Especially young scientists are welcome to actively contribute to the congress
by submitting an abstract. The submission deadline for the abstracts is
17 February 2014.
Authors are invited to submit selected papers which will be published in a special Issue of EMERGING MATERIALS RESEARCH (EMR) covering our topic. The journal homepage is at http://www.icevirtuallibrary.com/content/serial/emr.
A05: Material-integrated Intelligent Systems for Real Time Condition Awareness
Dr. Dirk Lehmhus, University of Bremen, Scientific Centre ISIS, (Germany)
Dr. Axel von Hehl, Stiftung Institut für Werkstofftechnik, Bremen (Germany)
Dr. Stefan Bosse, Dept. of Mathematics & Computer Science, WG Robotics, University of Bremen (Germany)
Prof. Dr. Thomas Hochrainer, Bremen Institute for Mechanical Engineering, University of Bremen (Germany)
Development trends in structural health monitoring and control of mechanically loaded structures profit from continuing miniaturization of sensors and sensor network components such as signal- and data processing or communication hardware, energy harvesting and storage systems etc. This technological background supports realization of material-integrated intelligent systems which locate reliable and fault-tolerant distributed data processing and information evaluation within the monitored material itself.
Best use can be made of such systems if the latter is achieved in real time. The final aim is to go beyond load monitoring, by quantifying and localizing a load acting on the structure, by evaluating its effect on structural state, and by incorporating the outcome of this evaluation in future analyses. This implies either recognition or prediction of internal damage within the structure in terms of size, position, geometry and effect on structural performance under all service conditions ? information which must then be integrated in the internal models the respective materials and structures use in sensor data interpretation.
Addressing this challenge, and providing the required real-time capability, necessitates an interdisciplinary approach which combines in-depth knowledge of materials response, failure mechanisms etc. in combination with advanced data evaluation and system identification techniques. Conventional inverse FEM methods, though fast for a fixed structural state, typically lack the ability of internal material model adaptation in response to an identified state of damage. At the same time, the chain that links an external load, the change it may have caused within the material under the given boundary conditions (environment-, service or service history-related) and the recorded sensor signal is still subject to uncertainty. For example, structural performance will be influenced by material-integrated sensors and electronic components via their own mechanical properties, interaction and compliance with host material characteristics, their interfaces with the host material etc. The ensuing uncertainty is a major obstacle towards implementation e.g. of SHM systems in aerospace, as it precludes pinpointing the exact level of safety of an envisaged intelligent material or structure at any moment in time and thus prevents exploitation of the structure up to its true performance limits.
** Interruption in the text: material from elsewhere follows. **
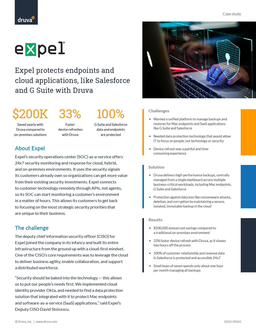 Expel deployed Druva for high-performance backups across multiple business-critical workloads, including Mac endpoints, G Suite, and Salesforce.

With this background, the symposium means to bring together experts in sensor integration, materials performance evaluation (structural health monitoring, NDT etc.) and structural and failure mechanics (initiation of failure, „effects of defects“ etc.) with researchers working on sensor network data evaluation using novel methods from artificial intelligence and applied mathematics to support an interdisciplinary discussion of material-integrated intelligence for structural health monitoring, management and control applications.